Extends 'RT-QuIC' (Real-Time Quaking-Induced Conversion) statistical analysis to complex environmental matrices through hierarchical adaptive classification. 'KWELA' is named after a deity of the Fore people of Papua New Guinea, among whom Kuru, a notable human prion disease, was identified. Implements a 6-layer architecture: hard gate biological constraints, per-well adaptive scoring, separation-aware combination, Youden-optimized cutoffs, replicate consensus, and matrix instability detection. Features dual-mode operation (diagnostic/research), auto-profile selection (Standard/Sensitive/Matrix-Robust), RAF integration for artifact detection, matrix-aware baseline correction, and multiple consensus rules. Methods include energy distance (Szekely and Rizzo (2013) <doi:10.1016/j.jspi.2013.03.018>), CRPS (Gneiting and Raftery (2007) <doi:10.1198/016214506000001437>), SSMD (Zhang (2007) <doi:10.1016/j.ygeno.2007.01.005>), and Jensen-Shannon divergence (Lin (1991) <doi:10.1109/18.61115>). This package implements methodology currently under peer review; please contact the author before publication using this approach. Development followed an iterative human-machine collaboration where all algorithmic design, statistical methodologies, and biological validation logic were conceptualized, tested, and iteratively refined by Richard A. Feiss through repeated cycles of running experimental data, evaluating analytical outputs, and selecting among candidate algorithms and approaches. AI systems ('Anthropic Claude' and 'OpenAI GPT') served as coding assistants and analytical sounding boards under continuous human direction. The selection of statistical methods, evaluation of biological plausibility, and all final methodology decisions were made by the human author. AI systems did not independently originate algorithms, statistical approaches, or scientific methodologies.

License:

MIT + file LICENSE

URL:

https://github.com/RFeissIV/KWELA

BugReports:

https://github.com/RFeissIV/KWELA/issues

Encoding:

UTF-8

RoxygenNote:

7.3.2

Depends:

R (≥ 4.0.0)

Imports:

stats, graphics

Suggests:

testthat (≥ 3.0.0)

Config/testthat/edition:

NeedsCompilation:

Packaged:

2026-02-23 21:10:41 UTC; root

Author:

Richard A. Feiss IV

[aut, cre]

Maintainer:

Richard A. Feiss IV <feiss026@umn.edu>

Repository:

CRAN

Date/Publication:

2026-02-28 21:10:02 UTC

KWELA: Hierarchical Adaptive 'RT-QuIC' Classification

Description

Value

No return value. This is a package documentation page.

6-Layer Architecture

Layer 1: Hard Gate: Biological constraint filter
Layer 2: Per-Well Scoring: Profile-dependent adaptive transforms
Layer 3: Adaptive Combination: Separation-aware score combiner
Layer 4: Adaptive Cutoff: Youden-optimized threshold
Layer 5: Replicate Consensus: Treatment-level classification
Layer 6: Instability Detection: Matrix interference override

Dual-Mode Operation

diagnostic: Default mode. Deterministic classification from TTT/MP/RAF evidence only. No stochastic rescue or score blending.
research: Full adaptive architecture with stochastic rescue and distributional scoring.

Main Functions

kwela_analyze: Main analysis function
kwela_summarize: Treatment-level summary
kwela_diagnostics: Diagnostic information
compute_instability_flags: Matrix instability detection

Plate/Batch Functions

kwela_plate_normalize: Multi-plate normalization
kwela_bootstrap_summary: Bootstrap confidence intervals

Separation Quality Assessment

Description

cohens_d computes Cohen's d effect size between two distributions.

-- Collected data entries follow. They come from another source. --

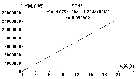 按照硫酸根各濃度點依次進樣,計算其峰面積,以濃度和峰面積繪制標準曲線,線性相關(guān)系數(shù)為0.99996,結(jié)果詳見圖1。
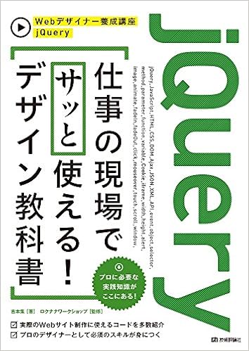 jQuery 仕事の現場でサッと使える! デザイン教科書 (Webデザイナー養成講座) (日本語) 大型本 – 2015/4/21 - Webデザイナー養成講座シリーズは、プロのデザイナーとして仕事をするうえで、必須のスキルを身につけるためのシリーズです。本書では、jQueryをこれから学習する初級者のために、jQueryについての基本的な知識、記述方法、具体的な利用例などを解説します。「JavaScriptを知らなくてもコードの書き換えだけでjQueryが使える」「実際のWebサイト制作に使えるコードを多数紹介」「かんたんな文法解説も行うので、コードの内容もよくわかる」「仕事で使える知識であることを意識した内容とする」といった点が特徴です。
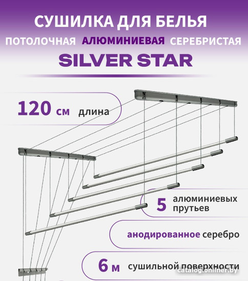 Сушилка для белья Comfort Alumin Group Потолочная 5 прутьев Silver Star 120 см (алюминий)
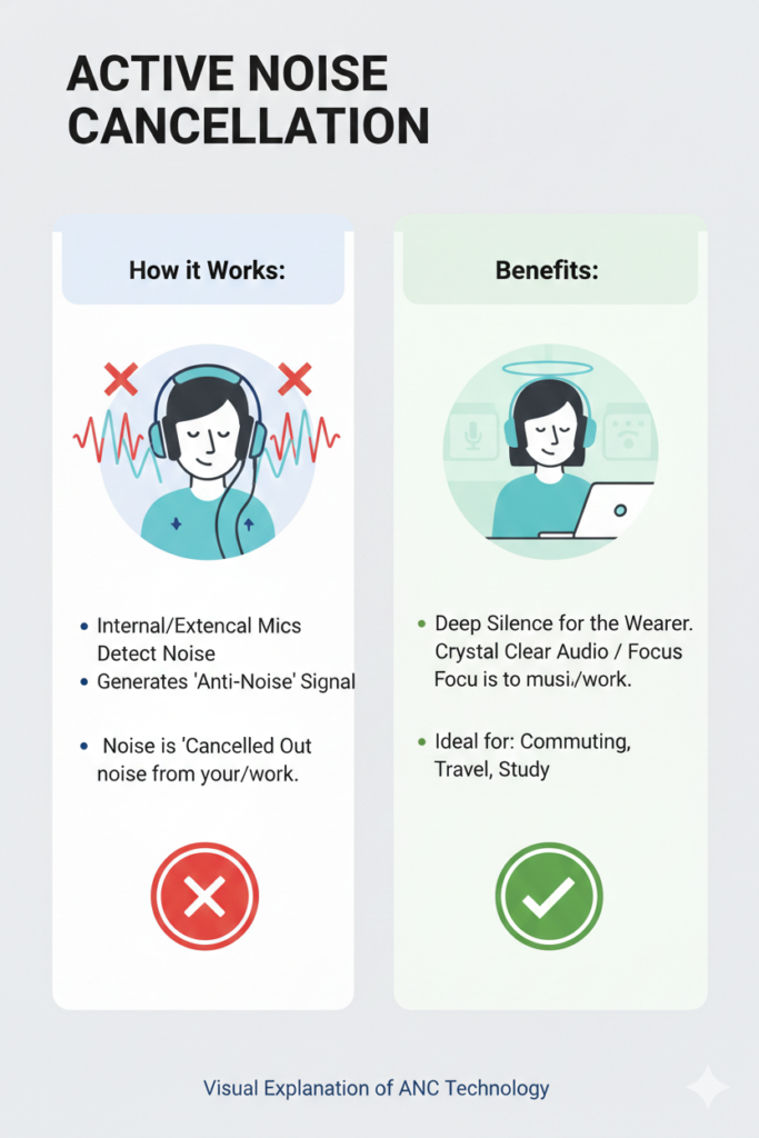 Pro Tip: In 2026, the best premium earbuds usually feature both. They use ANC to give you peace and quiet, and cVc 8.0 to ensure your boss hears you clearly.
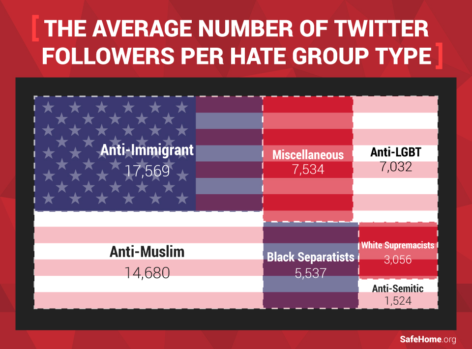 Hate groups with the largest number of followers on Twitter, on average, had an anti-immigrant agenda. As one of the most passionately contested issues of today, the conversation on immigration and the attitude toward immigrants who may already be residing here in the U.S. has reached a tipping point.
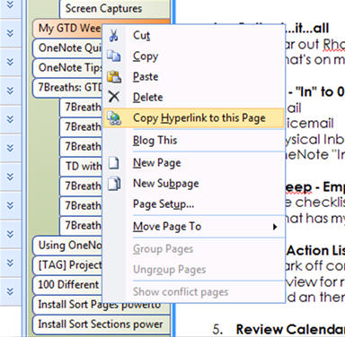 - Go to the page in OneNote where you want lighting speed access – “My GTD Weekly Review”, in this example.
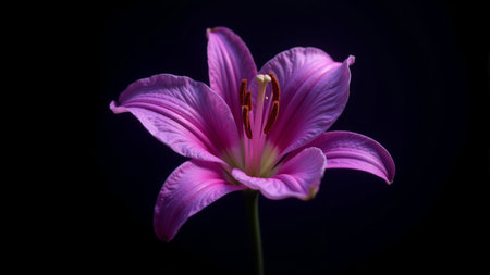 Single pink orchid blossom exudes elegance and fragility generated by artificial intelligence
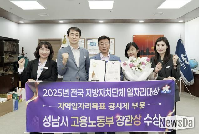 뉴스다 최광묵 기자 | 성남시는 고용노동부 주관 ‘2025년 전국 지방자치단체 일자리대상’에서 지역일자리목표 공시제 부문 ‘고용노동부 장관상’을 수상했다고 2일 밝혔다.
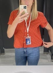 I liked the style and color of this shirt, but it was way too short. I tucked it in my high waisted jeans and it kept popping out. A great everyday top if you aren't as tall!
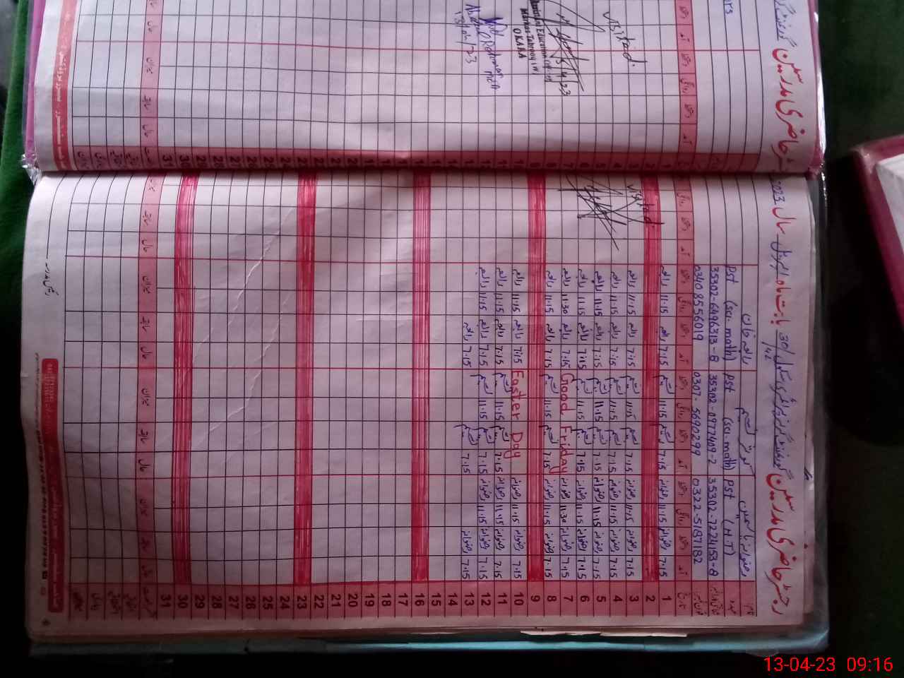| Name: RI**** YA**** Designation: (School Headmaster's/Headmistress's) PST Phone/Cell Number: 03**** |

assess_separation evaluates PC/NC separation quality and recommends a classification profile. Cohen's d thresholds are heuristic, calibrated against three RT-QuIC datasets.

Usage

cohens_d(x, y)

assess_separation(pc_mp, nc_mp, pc_ttt, nc_ttt)

Arguments

x

First distribution (numeric vector)

y

Second distribution (numeric vector)

pc_mp

Positive control MP values

nc_mp

Negative control MP values

pc_ttt

Positive control TTT values

nc_ttt

Negative control TTT values

Value

cohens_d returns a single numeric value (positive = x > y), or NA_real_ if insufficient data.

assess_separation returns a list with:

d_mp: Cohen's d for MP
d_ttt: Cohen's d for TTT
d_combined: Median of absolute d values
regime: Separation regime: "poor_separation", "moderate_separation", or "strong_separation"
recommended_profile: Recommended profile: "matrix_robust", "sensitive", or "standard"

Examples

set.seed(42)
pc_mp <- rnorm(8, 100, 10)
nc_mp <- rnorm(8, 20, 5)
pc_ttt <- rnorm(8, 8, 1)
nc_ttt <- rnorm(8, 72, 5)

cohens_d(pc_mp, nc_mp)
assess_separation(pc_mp, nc_mp, pc_ttt, nc_ttt)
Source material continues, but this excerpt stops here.